Compartimos continente, subcontinente y, aun así, estamos tan lejos o cerca de Surinam, las Guayanas, Haití, Guadalupe o Martinica como de Angola, Senegal y Cabo Verde, aunque con unos haya un océano de por medio. Las películas de Sarah Maldoror en el programa del Mapa de Cine Latinoamericano pensaban directamente en estas distancias y fracturas territoriales: Césaire, une homme une terre (1976) y Léon G. Damas (1995). Si bien las dos películas piensan sobre y con Césaire, al verlas resuenan algunas ideas de quien fuera su compañera hasta algunos años antes de su muerte en 1966 (diez años antes de la primera película), Suzanne Roussi. Césaire y Roussi estudiaron juntos en Francia, junto con Léopold Sédar Senghor, Mário Pinto de Andrade (revolucionario panafricanista y ex marido de Maldoror), y otros poetas de la mítica revista L’Etudiant noir que editó dos números en 1935. Roussi fue parte de la generación de poetas, políticos y revolucionarios africanos y caribeños, muchos de los cuales volvieron a sus países durante la Segunda Guerra Mundial. De vuelta en Martinica, Roussi, Césaire y René Ménil editaron la revista Tropiques entre 1941 y 1945. Después de eso, Roussi dejó de escribir y se dedicó a la docencia y a la crianza de sus seis hijos. En los primeros números de la revista, Roussi pensó en la opacidad de las islas, sobre todo en El gran camuflaje, que comienza con una tormenta: un ciclón que se forma frente a las costas de Puerto Rico y recorre una a una todas las islas del Caribe. Fronteras aparte, el mar se estira sobre todo el territorio. Ese paisaje en común está roto y fragmentado, y Roussi reformula una paradoja parecida a la de Ruiz y Cozarinsky, casi 40 años antes: 

Porque la red del deseo insatisfecho ha atrapado a las Antillas y a América. Desde la llegada de los conquistadores y el desarrollo de sus técnicas (empezando por las armas de fuego), las tierras del otro lado del Atlántico no sólo han cambiado en apariencia, sino también en el miedo. Miedo a distanciarse de los que se quedaron en Europa, armados y equipados, miedo de estar en competencia con gente de color rápidamente declarada inferior para poder vencerlos mejor. Fue necesario, en primer lugar, y a toda costa, hacerlo en una América más rica, más poderosa, mejor organizada que la sociedad europea estancada — deseada. Era necesario vengarse del infierno nostálgico que vomitaba sobre el nuevo mundo y sus islas, sus demonios aventureros, sus reclusos, sus penitentes, sus utopistas. Durante tres siglos, la aventura colonial ha continuado — las guerras de independencia son solo un episodio —, los pueblos americanos cuyo comportamiento hacia Europa a menudo sigue siendo infantil y romántico, aún no han sido liberados del agarre del viejo continente. Por supuesto, son los negros de América los que más sufren en una humillación diaria, las degeneraciones, las injusticias y la mezquindad de la sociedad colonial.

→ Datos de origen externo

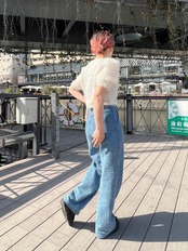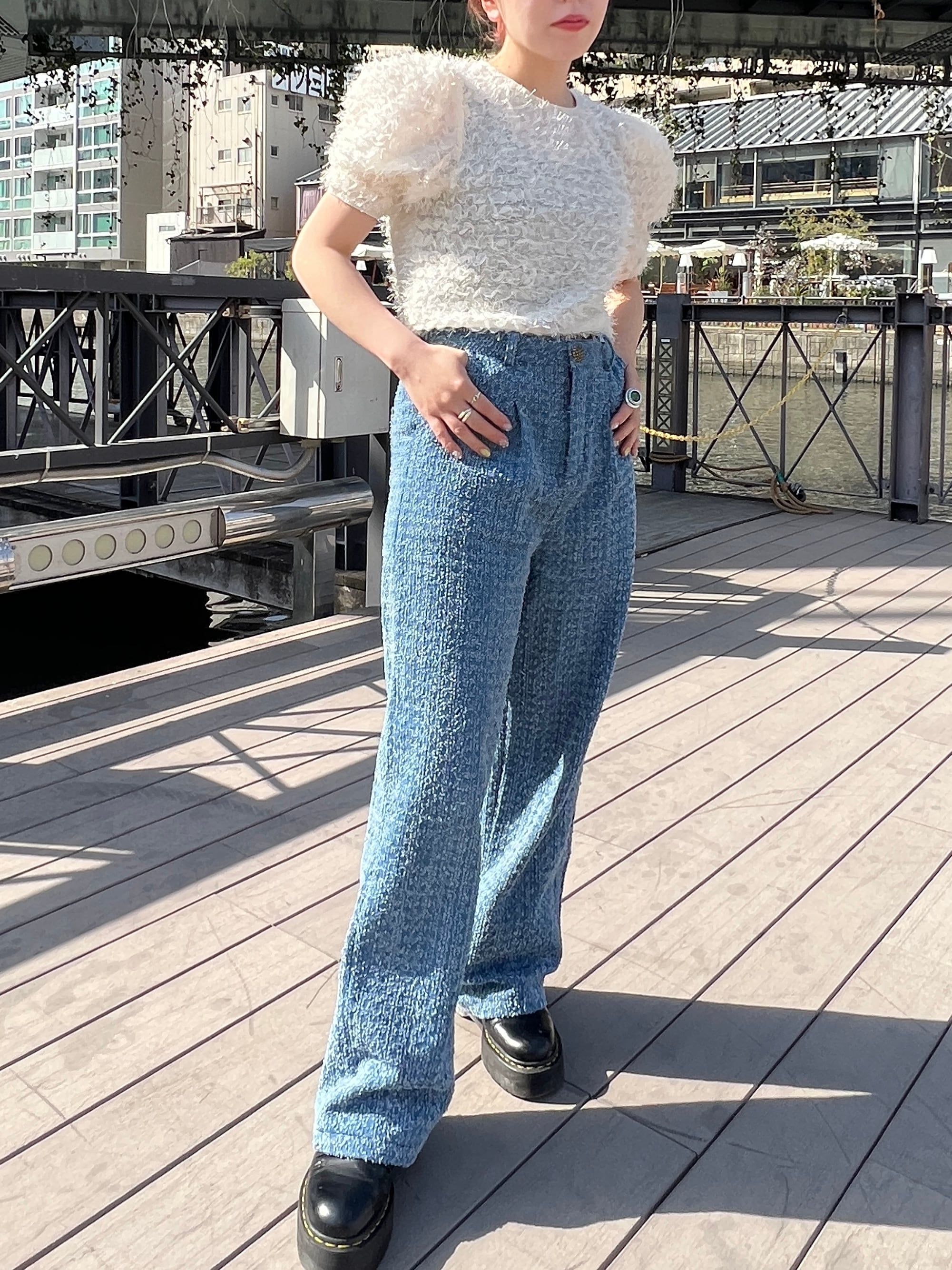 パフスリーブとクロップド丈がスタイルアップ効果も抜群。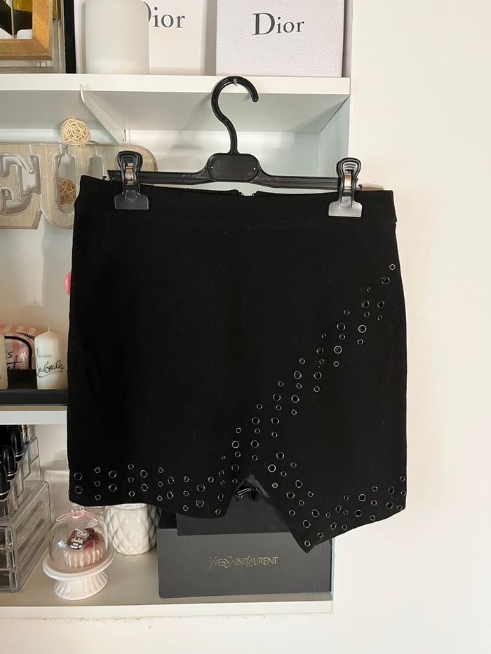 〰️ Mini jupe asymétrique noire avec oeillets argentes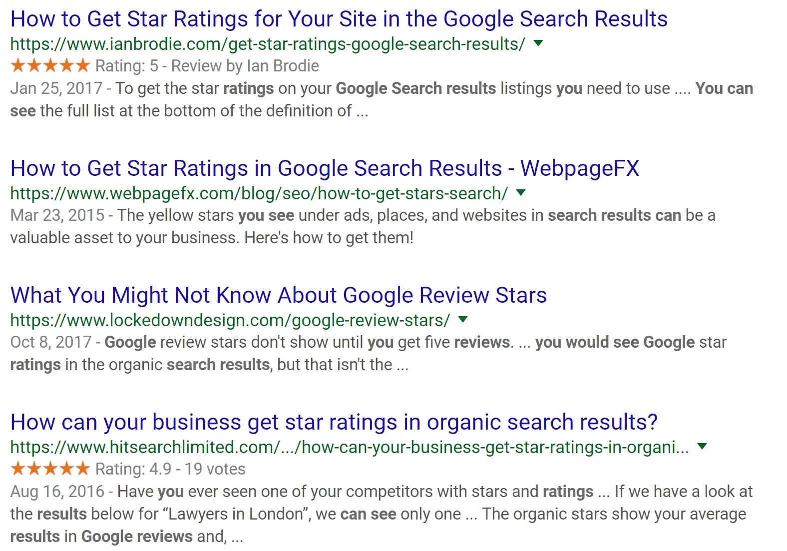 You know when you search for something on Google sometimes you see review stars next to a search result?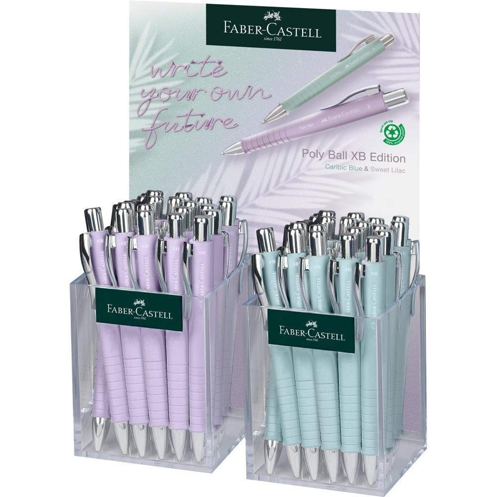 Display z długopisami automatycznymi Poly Ball Faber-Castell 24 szt. w kolorze matowym liliowym (Sweet Liliac) i błękitnym (Caribic Blue). To połączenie klasyki i nowoczesności z funkcjonalnością. Przyjemna w dotyku, miękka powierzchnia w modnych kolorach gwarantuje wysoki komfort pisania bez zmęczenia, nawet przy obszernych tekstach. Ergonomiczny trójkątny kształt strefy uchwytu i rowki na powierzchni korpusu zapewniają dodatkową wygodę użytkowania. Z niebieskimi, wymiennymi wkładami o dużej pojemności i elastycznym metalowym klipsem. Odpowiednie do wypełniania dokumentów. Grubość linii pisania XB.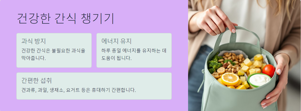 건강한 간식을 챙기면 불필요한 과식을 방지하고 하루 종일 에너지를 유지할 수 있습니다.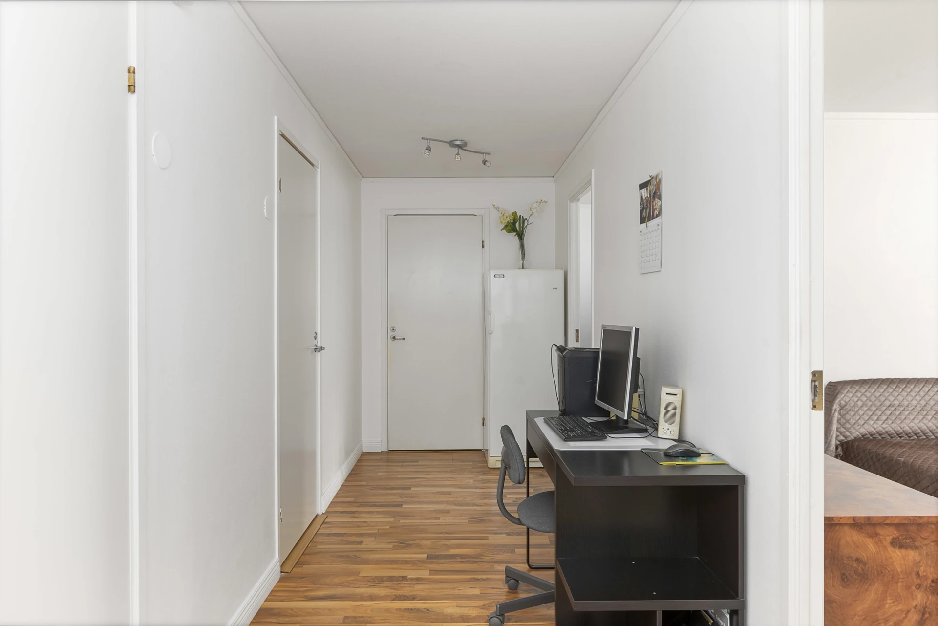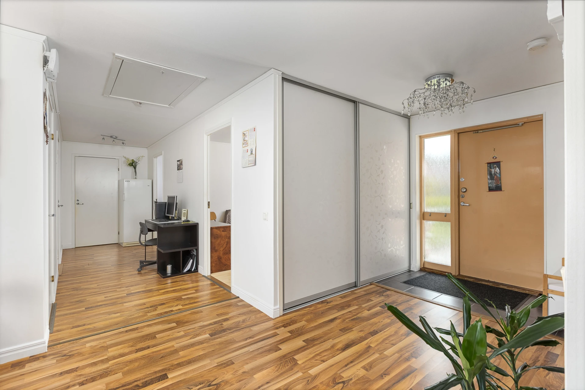 Välkomnande hall med gott om plats för avhängning och förvaring. Här möts du av ljusa ytskikt som ger ett fräscht intryck och en praktisk planlösning som binder samman bostadens rum på ett naturligt sätt.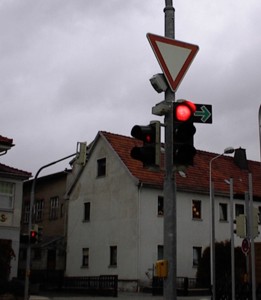 in Neustadt bei Coburg mit Signalgebern der Firma Swarco-Futurit. In

Césaire, une homme une terre (1976) retrata a Césaire pensando en la isla en relación al mar: el costado que da al océano –bravo y difícil– y el costado que da al golfo –manso y lleno de flores–. Esta es la geografía en la que Césaire fue también intendente (de Port-de-France) y en la que recibe a su amigo y ex-compañero de revista, entonces presidente de Senegal, Senghor, que llega a mantener los lazos de un panafricanismo antillano. En el segundo corto, filmado 20 años después, recupera la figura de otro de los poetas de la negritud, León G. Damas, de Cayena, que como sus compañeros de generación fue poeta y político, diputado representante de Guayana Francesa en el congreso de Francia. En él, Maldoror y Césaire van a las puertas de las escuelas a preguntarles a los estudiantes sus poetas favoritos. Los estudiantes pueden nombrar pocos poetas que no sean franceses, y menos aún que sean de las islas. Las adolescentes le explican a Maldoror que en la escuela no los leen. Un poco más tarde, hablando de sus propios favoritos, Césaire hace algo parecido. Decía Roussi: si las Antillas son tan hermosas, es porque el juego de las escondidas ha tenido éxito. Ciertamente, ese día en las islas es demasiado bueno para ser visto.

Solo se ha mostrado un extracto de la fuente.